▶ Required work:
Nothing but an exact copy is asked for: the lines in the material below from the one with "Introducing the one-of-a-kind" through the one with "used etc. Want", pictures excluded.

::: Records shown :::

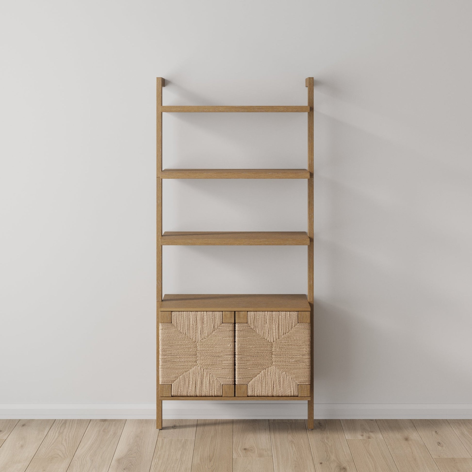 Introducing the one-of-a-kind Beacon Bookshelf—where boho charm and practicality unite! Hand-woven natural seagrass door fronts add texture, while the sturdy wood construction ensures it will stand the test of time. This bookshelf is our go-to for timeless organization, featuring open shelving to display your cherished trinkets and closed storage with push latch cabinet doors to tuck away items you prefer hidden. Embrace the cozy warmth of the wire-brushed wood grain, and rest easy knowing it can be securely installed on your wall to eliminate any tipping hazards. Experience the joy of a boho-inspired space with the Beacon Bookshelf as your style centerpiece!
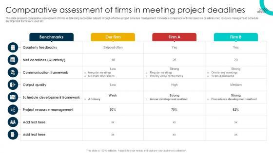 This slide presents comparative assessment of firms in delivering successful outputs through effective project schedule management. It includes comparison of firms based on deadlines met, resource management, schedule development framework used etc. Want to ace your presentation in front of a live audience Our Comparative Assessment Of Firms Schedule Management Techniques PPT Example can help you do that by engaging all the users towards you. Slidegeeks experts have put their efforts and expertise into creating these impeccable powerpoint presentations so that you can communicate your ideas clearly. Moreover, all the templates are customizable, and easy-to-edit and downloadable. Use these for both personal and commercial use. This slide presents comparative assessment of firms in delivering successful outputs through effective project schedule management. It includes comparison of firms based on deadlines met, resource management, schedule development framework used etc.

:::
::: Records shown :::

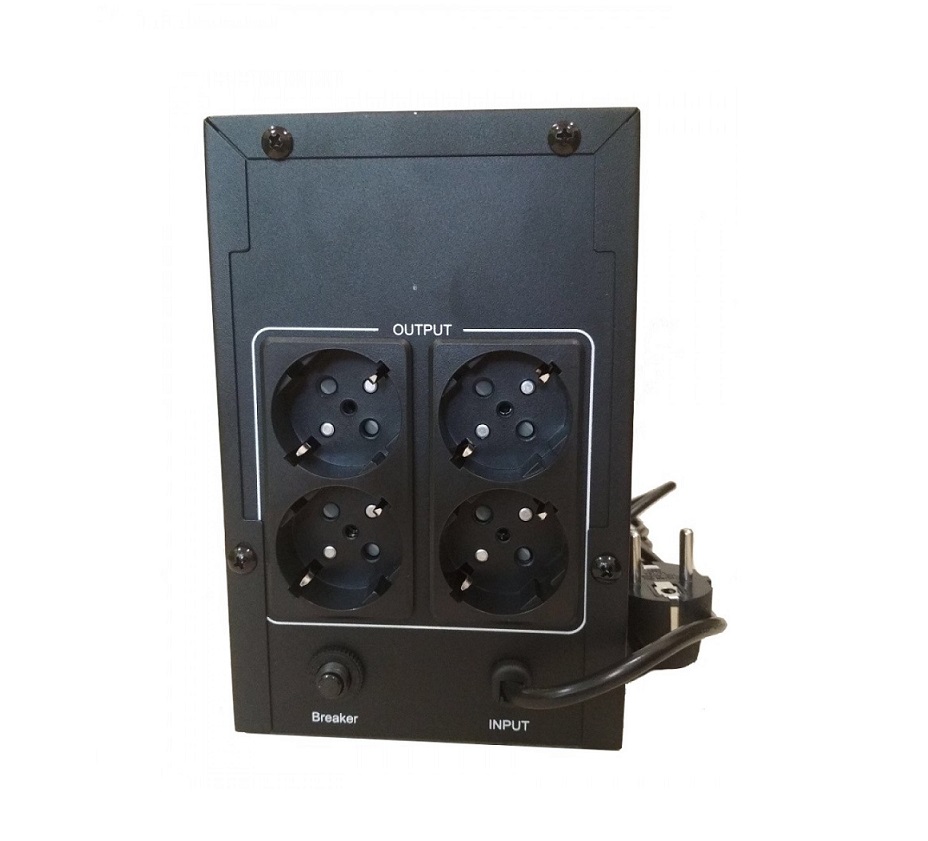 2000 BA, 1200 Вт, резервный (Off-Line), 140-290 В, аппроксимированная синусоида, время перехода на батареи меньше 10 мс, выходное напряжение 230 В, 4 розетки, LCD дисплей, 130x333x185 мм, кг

:::

▶ Solution for this task:
 Introducing the one-of-a-kind Beacon Bookshelf—where boho charm and practicality unite! Hand-woven natural seagrass door fronts add texture, while the sturdy wood construction ensures it will stand the test of time. This bookshelf is our go-to for timeless organization, featuring open shelving to display your cherished trinkets and closed storage with push latch cabinet doors to tuck away items you prefer hidden. Embrace the cozy warmth of the wire-brushed wood grain, and rest easy knowing it can be securely installed on your wall to eliminate any tipping hazards. Experience the joy of a boho-inspired space with the Beacon Bookshelf as your style centerpiece!
 This slide presents comparative assessment of firms in delivering successful outputs through effective project schedule management. It includes comparison of firms based on deadlines met, resource management, schedule development framework used etc. Want to ace your presentation in front of a live audience Our Comparative Assessment Of Firms Schedule Management Techniques PPT Example can help you do that by engaging all the users towards you. Slidegeeks experts have put their efforts and expertise into creating these impeccable powerpoint presentations so that you can communicate your ideas clearly. Moreover, all the templates are customizable, and easy-to-edit and downloadable. Use these for both personal and commercial use. This slide presents comparative assessment of firms in delivering successful outputs through effective project schedule management. It includes comparison of firms based on deadlines met, resource management, schedule development framework used etc.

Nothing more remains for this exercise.